Défaite politique d’Israël: sa légitimité en tant qu’État colonial-raciste remise en cause
« Au fur et à mesure que l’occupation de territoire palestinien s’est prolongé, la sympathie pour Israël a décliné. Dans les enquêtes de la BBC publiées en juin, avant la destruction de la bande de Gaza, des citoyens de 23 pays ont donné leur avis sur l’influence bonne ou mauvaise des différents États dans le monde. Israël est classé parmi les pires vus, plus haut que la Corée du Nord, Pakistan et Iran. De même, un nombre croissant d’européens appelle Israël « raciste »… et considère que l’Israël est un Etat d’apartheid… Même aux États-Unis, où une majorité soutient encore Israël, augmente la proportion de ceux qui croient que ses actions contre les palestiniens sont injustifiables. Et dans la nouvelle génération, les jeunes entre 18 et 29 ans, seulement un tiers soutien Israël… » (« Winningthebattle, losingthewar, TheEconomist, 2 août 2014 «)
« Bien lointaine est l’époque où Israël, avec ses kibboutzim, était un favori des jeunes idéalistes européens. L’idée d’un Israël vulnérable et pauvre, entouré de puissantes armées… un petit David contre Goliath… a disparu « La perte de légitimité–dit un ancien député israélien – est devenu une menace stratégique »… «(« Gaza has cost Israel sympathy not just in Europe, but also among Americans », The Economist, 2 août 2014) »
TheEconomist, le centenaire magazine britannique, non seulement est profondément néolibérale mais aussi inconditionnellement sioniste et pro-israélien. Pour cette raison, le bilan profondément pessimiste qu’il avait déjà tiré avant la trêve actuelle, ne peut pas être attribué à une antipathie envers l’Israël.
Aussi, d’une manière ou d’une autre, les éléments essentiels de cet bilan – qui se condensent dans le point stratégique de la perte de légitimité d’Israël mais qui a aussi d’autres expressions – se reflètent dans les différentes réactions de chacune des factions.
Dans la bande de Gaza, ils célèbrent une victoire. Cela malgré les milliers de morts et de blessés, de l’horrible destruction, des souffrances indicibles qui vont se prolonger dans tous les sens: les pertes de membres de la famille, des enfants tués ou mutilés, des centaines de milliers de sans-abris, les 200 écoles spécialement bombardés par Israël qui devront être reconstruites. Et, le plus grave, comme nous le verrons plus tard, c’est que l’accord de trêve n’implique pas la fin catégorique du blocus génocidaire de la bande de Gaza – ce qui l’a transformée dans un immense camp de concentration – mais seulement un « assouplissement » (pas très clair).
En Israël, en revanche, le climat est funèbre, malgré le fait que les pertes ont été négligeables et presque toutes des soldats en action, pas des civils.
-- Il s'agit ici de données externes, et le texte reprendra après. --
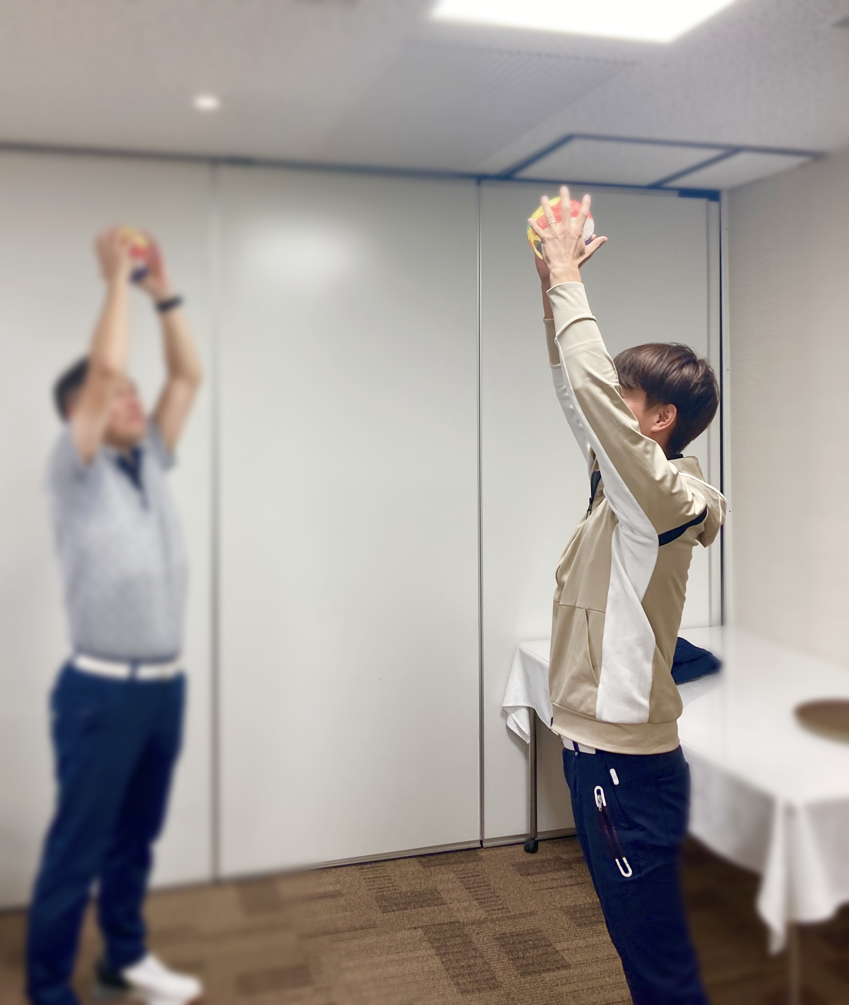 チェック後は、その場で ご自宅でできる簡単なセルフストレッチや 日常生活で気をつけたいポイントをお伝えしました。
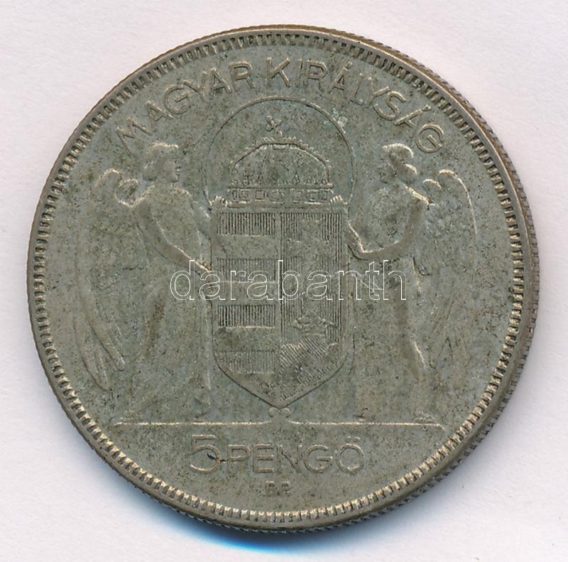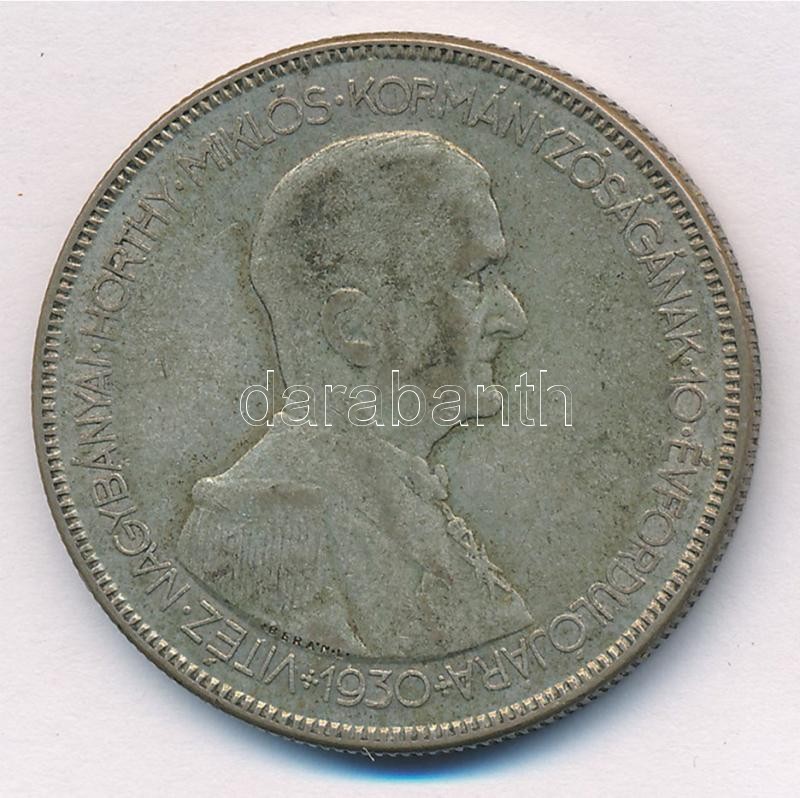 Leírás: 1930. 5P Ag "Horthy jobbra" T:3 patina
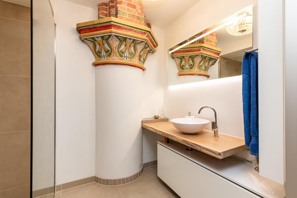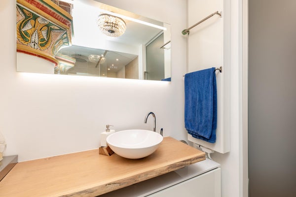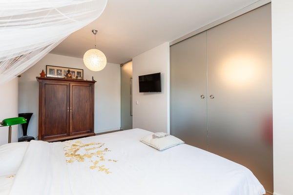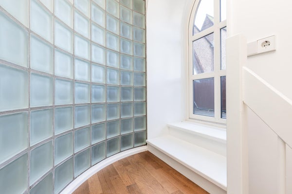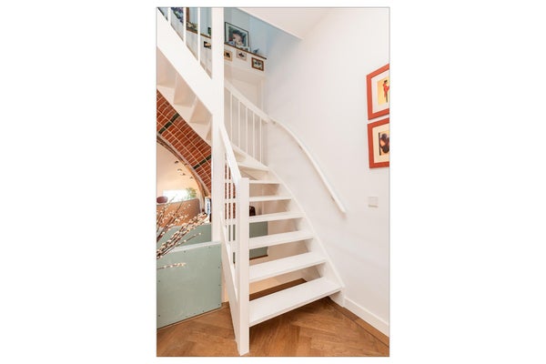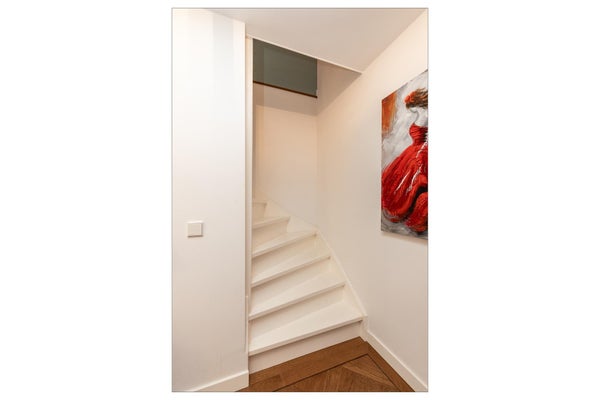 De woonkamer, bereikbaar via de trap, is een echte eyecatcher met authentieke kerkplafonds die een adembenemend effect creëren elke keer dat je thuiskomt. De ruimte, met zijn Franse eikenhouten vloer en strakke witte muren, biedt een perfecte ambiance om te ontspannen of om te genieten van gezellige avonden met vrienden.
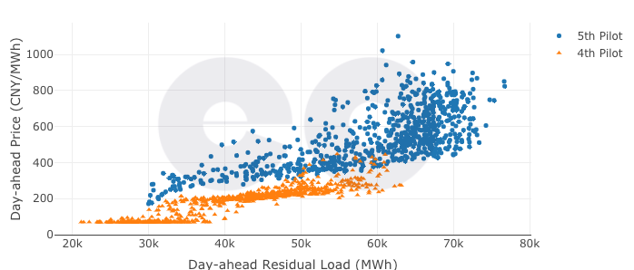 圖6 日前現(xiàn)貨市場價格與剩余負荷的關系
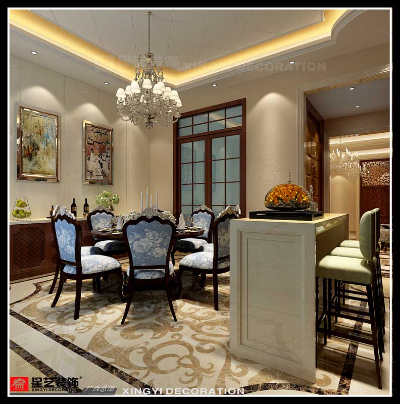 普羅旺斯藍鉆墅300平美式風格裝修設計說明
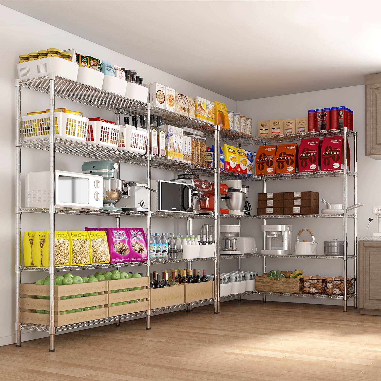 This 5-tier double-row chrome shelf is the perfect solution for keeping your home, office, or retail space neatly organized.
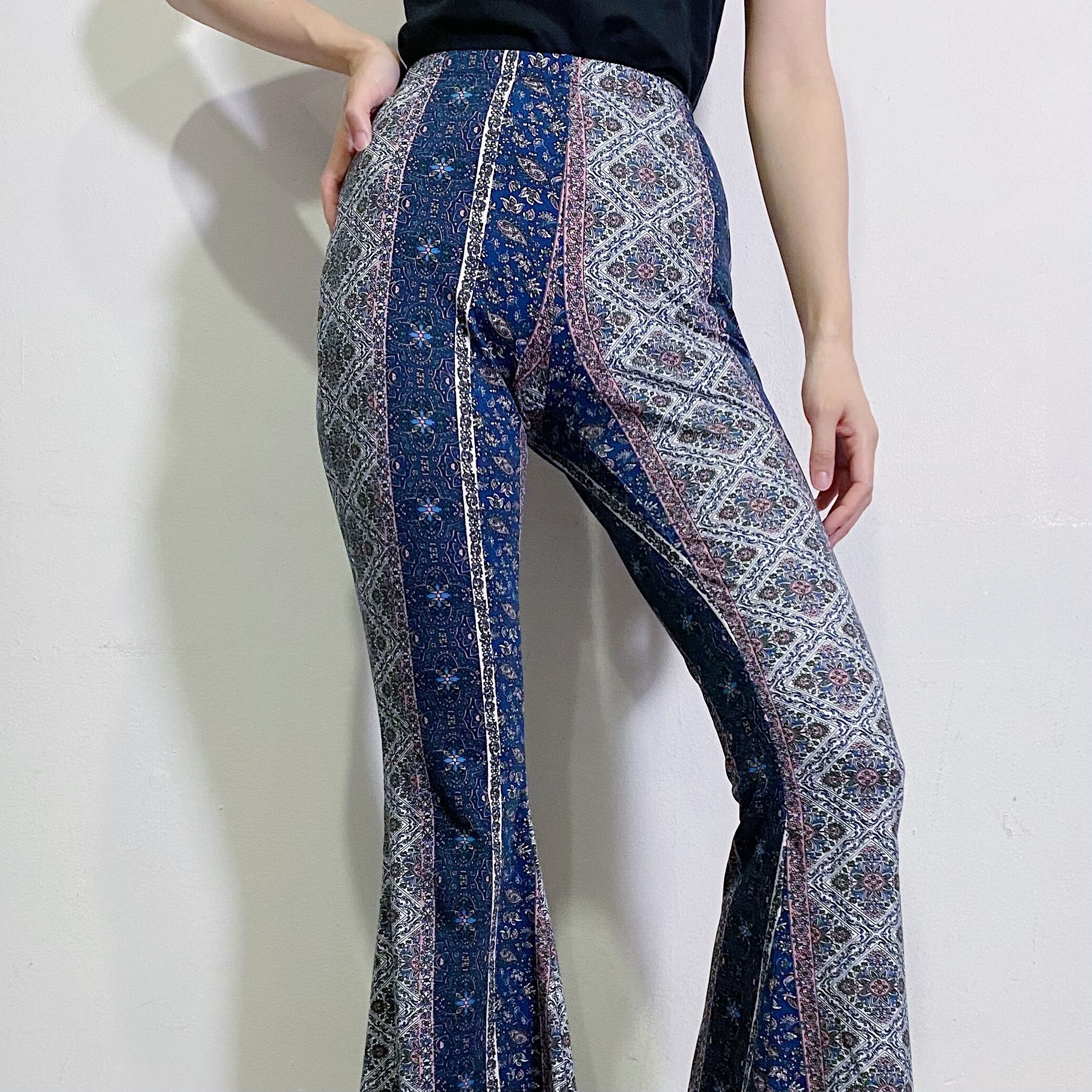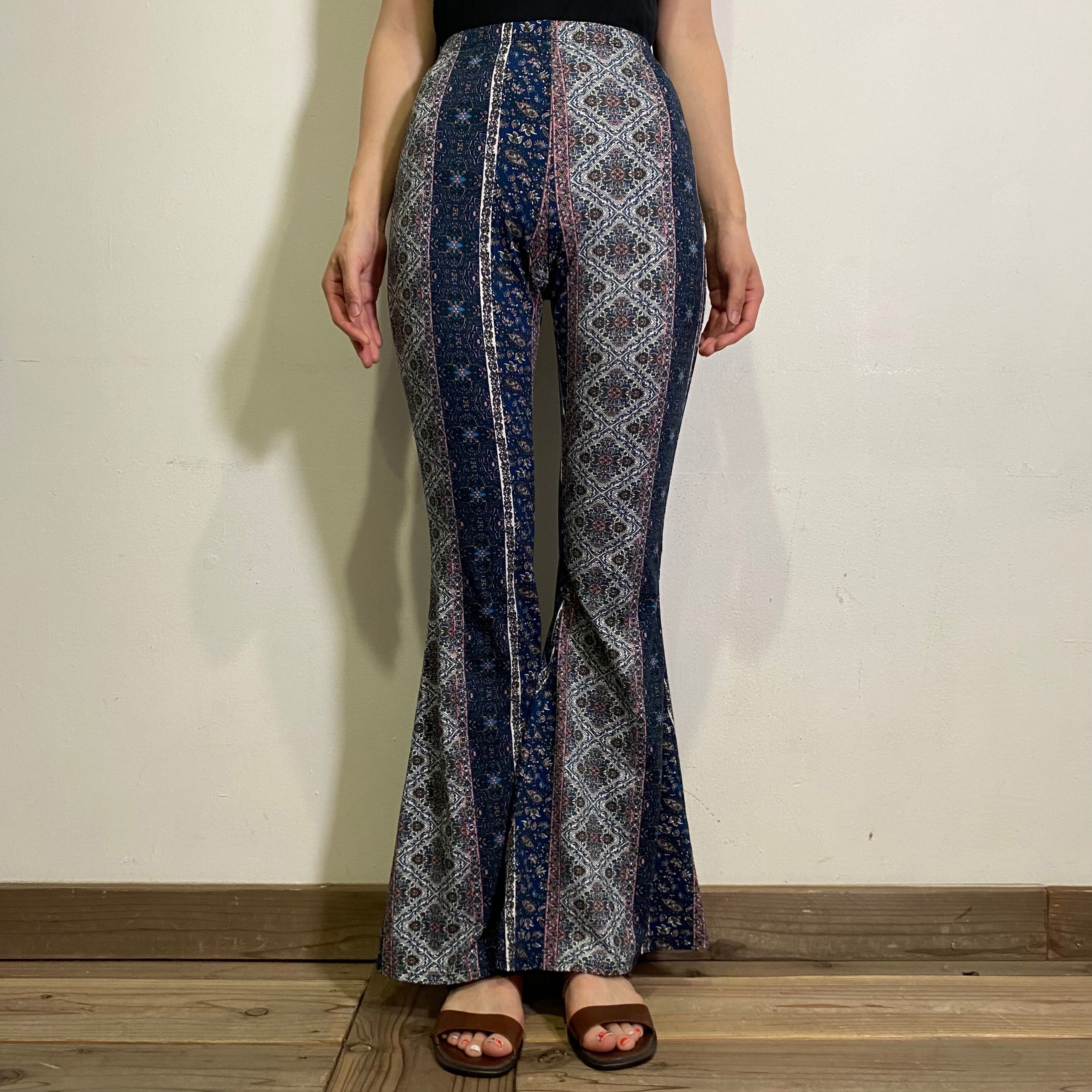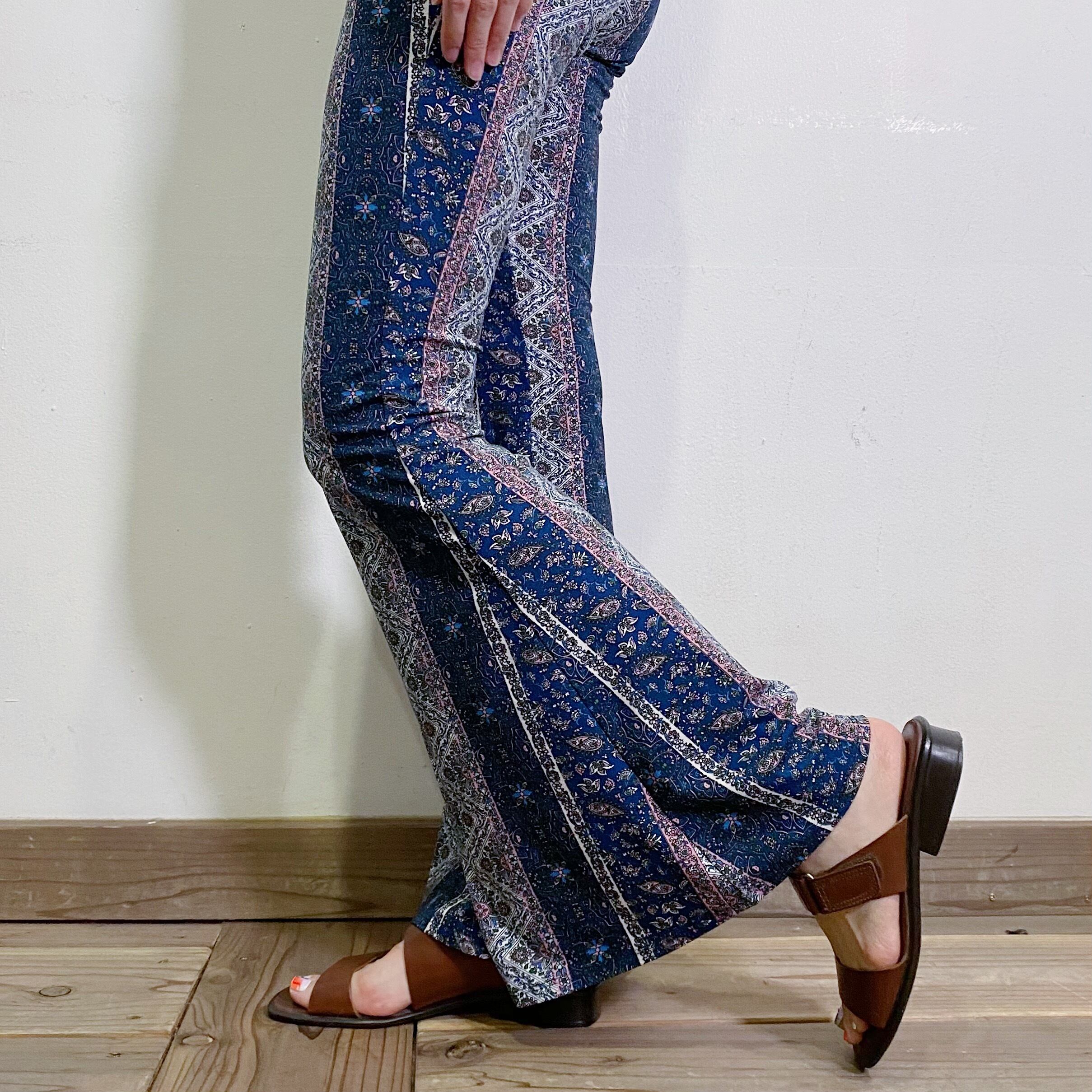 ネイビーとピンクの壁紙のようなテキスタイルが可愛い、フレアパンツです。
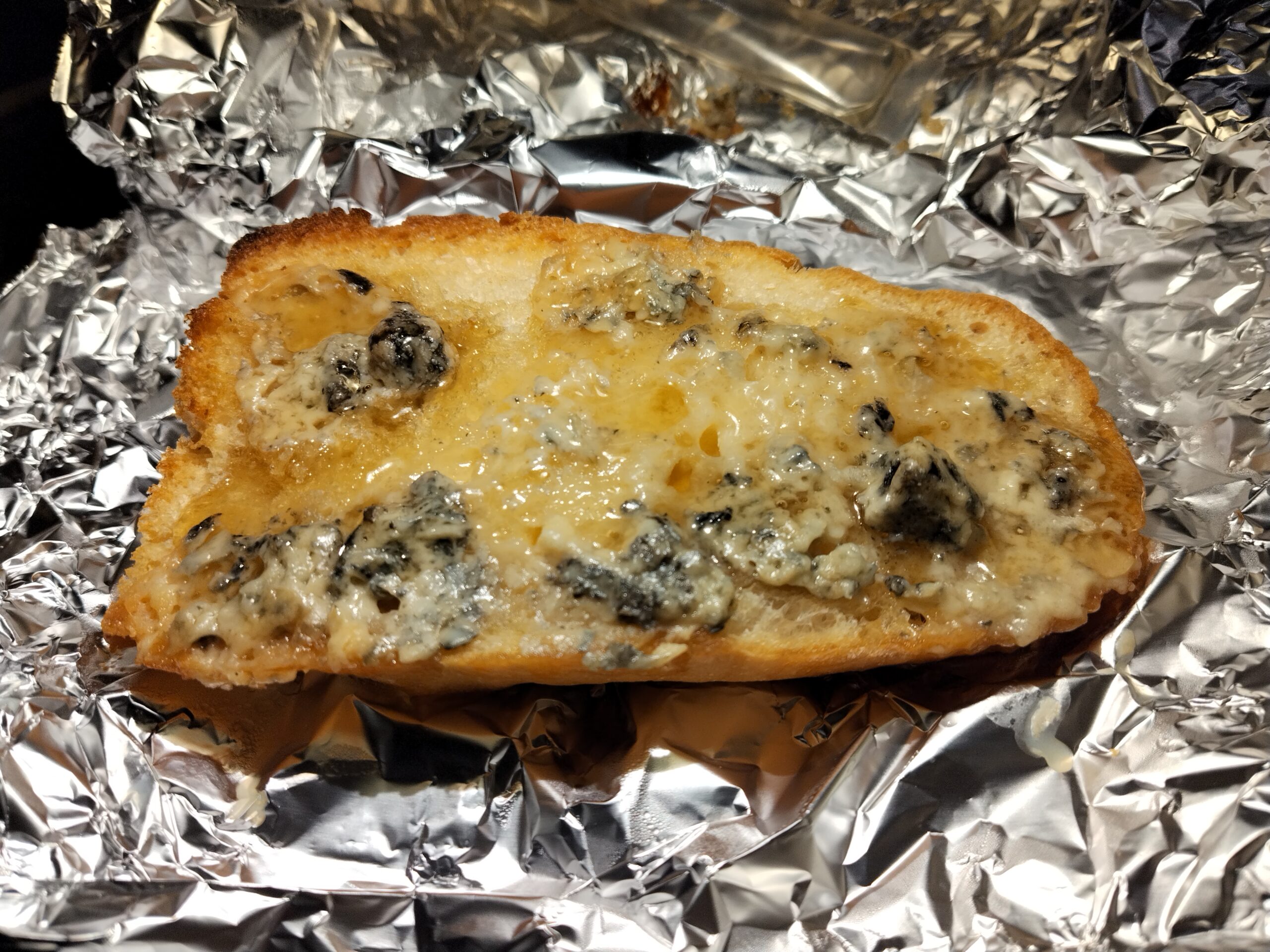 青カビチーズの濃厚な旨味と、ハチミツの甘さが絶妙にマッチ。シンプルなのに驚くほど満足感のあるキャンプ飯レシピです。
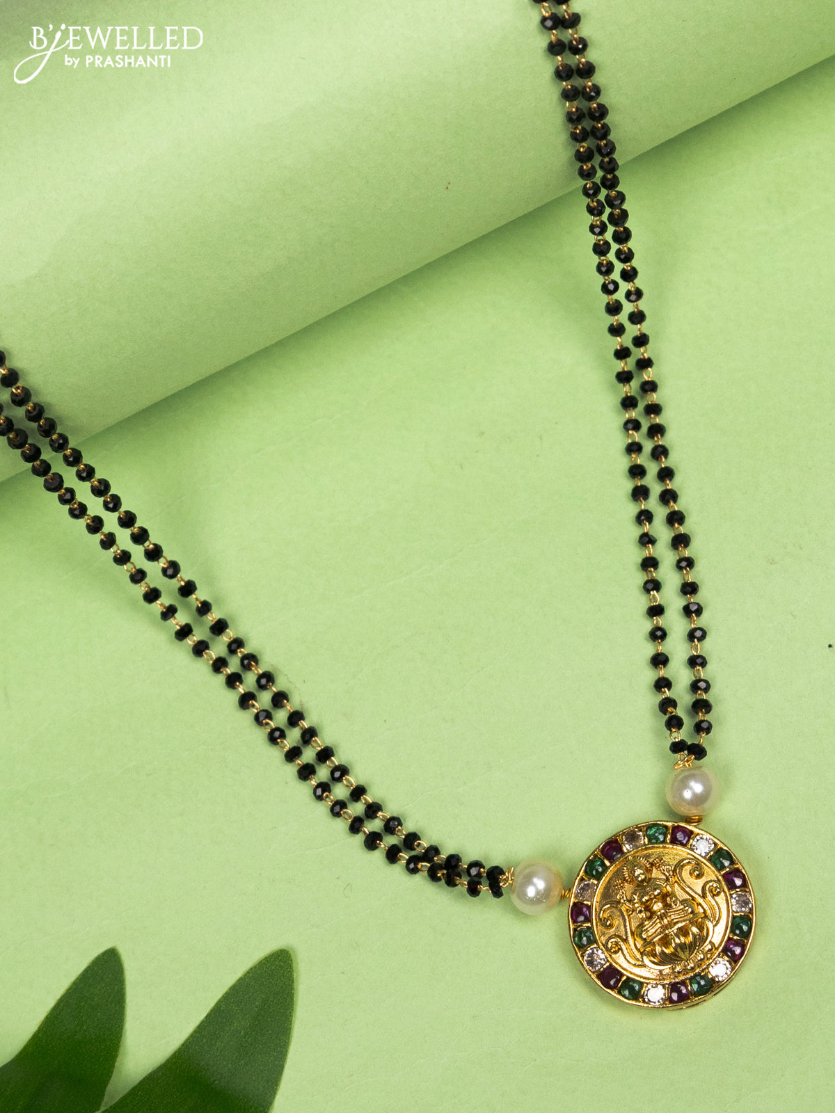 Mangalsutra double layer lakshmi pendant with kemp & cz stones without earring
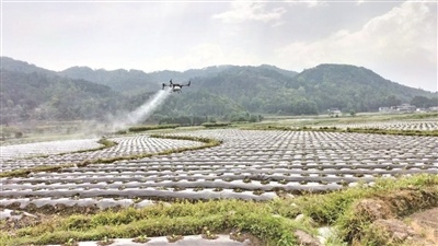 机耕服务队在操作无人机给烤烟喷洒农药。

Selon les sondages, plus de 60 % croient qu’Israël a perdu la guerre.
Paradoxes et réalités
Les deux paradoxes – célébrations à Gaza et la consternation en Israël -ont leurs raisons, mais aussi leurs limites objectives. Pour faire une évaluation équilibrée il faut prendre en compte cette totalité.
L’Israël, a certainement subi un saut dans l’usure progressive de sa légitimité devant le monde, notamment dans son point d’appui vital, « l’opinion publique » des impérialismes de l’Occident (dans presque tout le reste de la planète, ils ont déjà appris que c’est un Etat raciste et d’apartheid). Ceci, comme nous le verrons, est stratégique… mais n’a pas de conséquences automatiques ni encore moins immédiates.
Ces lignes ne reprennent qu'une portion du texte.